Emerging Thoughts In Rough Form 

The privacy article that I mentioned in my last post got me thinking about ideology and theology. The post was an example of people who felt safer if new security systems that can display a picture of your body through your clothes did revealed the bodily form. But this response was after they had been told that it was just as easy to get a picture of what was being carried without closely showing the form. So, to me, it was a strong example of how people's belief systems and personal feelings can override evidence that totally contradicts what they prefer. Such a response to technological invasions of privacy is part of the setup for a very fucked up future that's looking way too much like a cyberpunk novel for me to very hopeful about where things are going.
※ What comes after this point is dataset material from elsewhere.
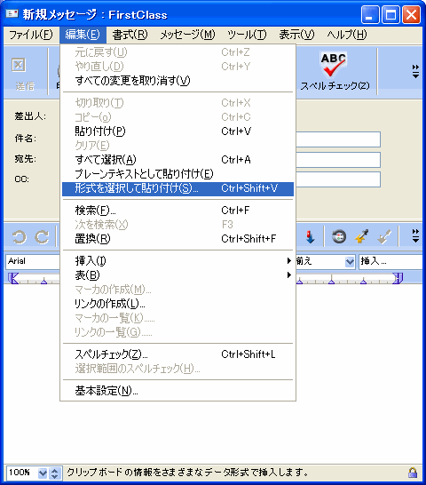 FirstClassに貼り付ける本文のファイル形式を指定するには、以下の操作を行ってください。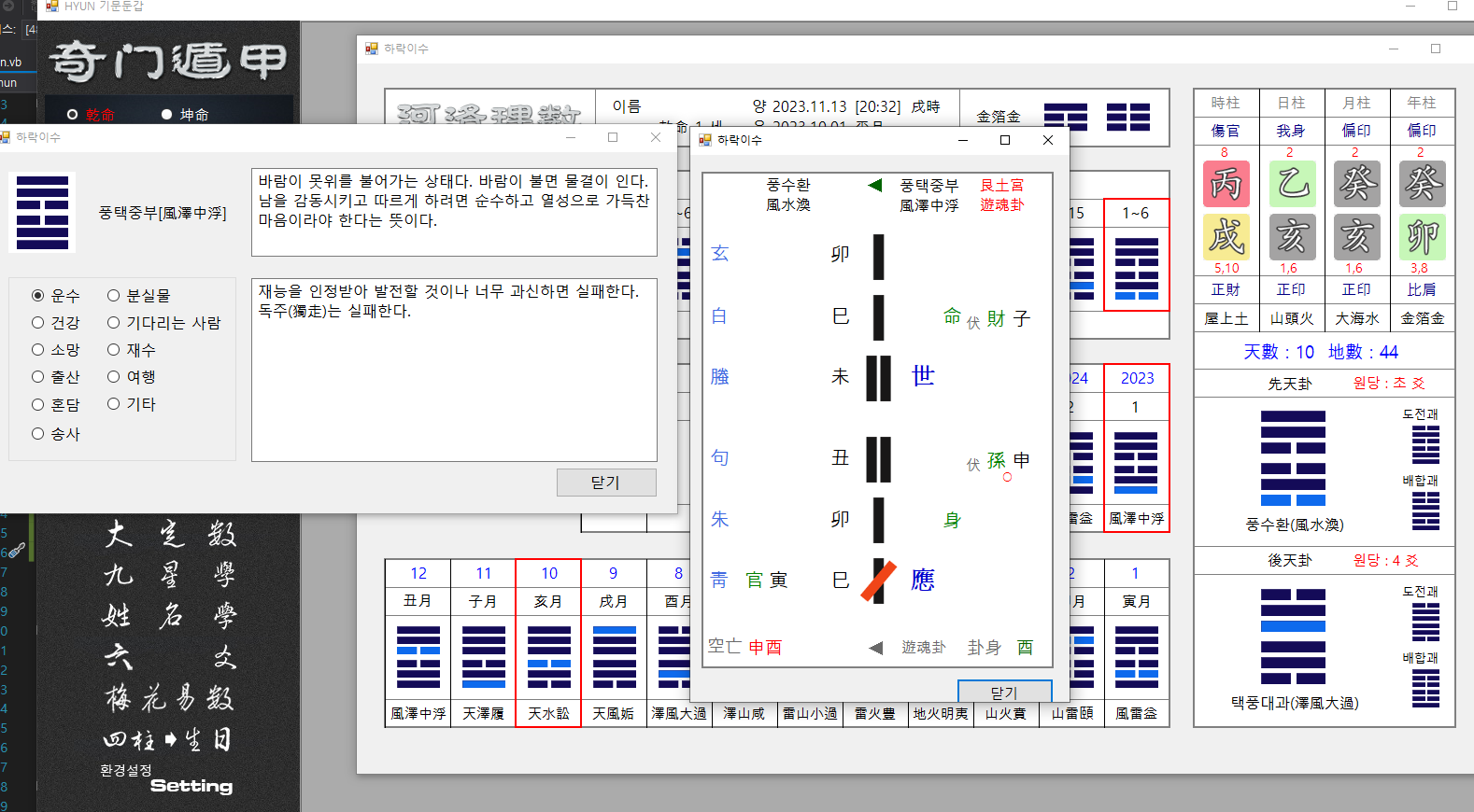 괘 이름에 마우스 왼쪽버튼 클릭하면 해단이 나오고 오른쪽 버튼 클릭하면 육효가 나옵니다.

But it wasn't the strongest example of what I'm talking about. I'm trying to find a way to articulate my perception that people ultimately decide what they're going to do based on beliefs that seem religious in the sense that there's no evidence for what they finally decide is true (I'm leaving out various revelations and experiences that are evidence of something).

Here's another example:
I remember reading an article about a scientist at UCLA and his claim that there was no scientific evidence for acupuncture and little scholarly literature on the topic. At the time, I was teaching a tai chi class at Ohio State and was checking out a textbook on Traditional Chinese Medicine that was authored and used by a faculty member at UCLA. When you checked out the bibliography, there were literally hundreds of studies listed, but primarily by French or Chinese researchers. I always wanted to ask the guy about his literature review in French and Chinese.

For those of you not in academia, the traditional research route includes a review of the literature on the topic so that you know what's been done and how your work fits in with or contradicts the literature. For a scientist to be making claims about what research has found without doing such a review shows that at that moment he is not relying on evidence but on a belief system outside of academic research. And this particular scientist wasn't doing work on acupuncture or anything like that, he was an uneducated skeptic that should not have been interviewed and was willing to behave as if he had expertise in a field with which he was obviously unfamiliar.

I'm not getting to this as well as I'd like but, at a certain point, I started thinking of it as a theological issue. That's not really the best term but it's a way of indicating the fact that so much of what people do is about strongly held yet unexamined beliefs. People are willing to act on these beliefs even when presented with evidence to the contrary. Typically they then discount the evidence. Or they never find out about any contradictory evidence and assume it doesn't exist.

I think I started using the term theological partly because of reading Michel Serres, although he wouldn't be that sloppy with his terminology. But he does a nice job of discussing the ways in which science is often a continuation of religion, rather than a revolution or break.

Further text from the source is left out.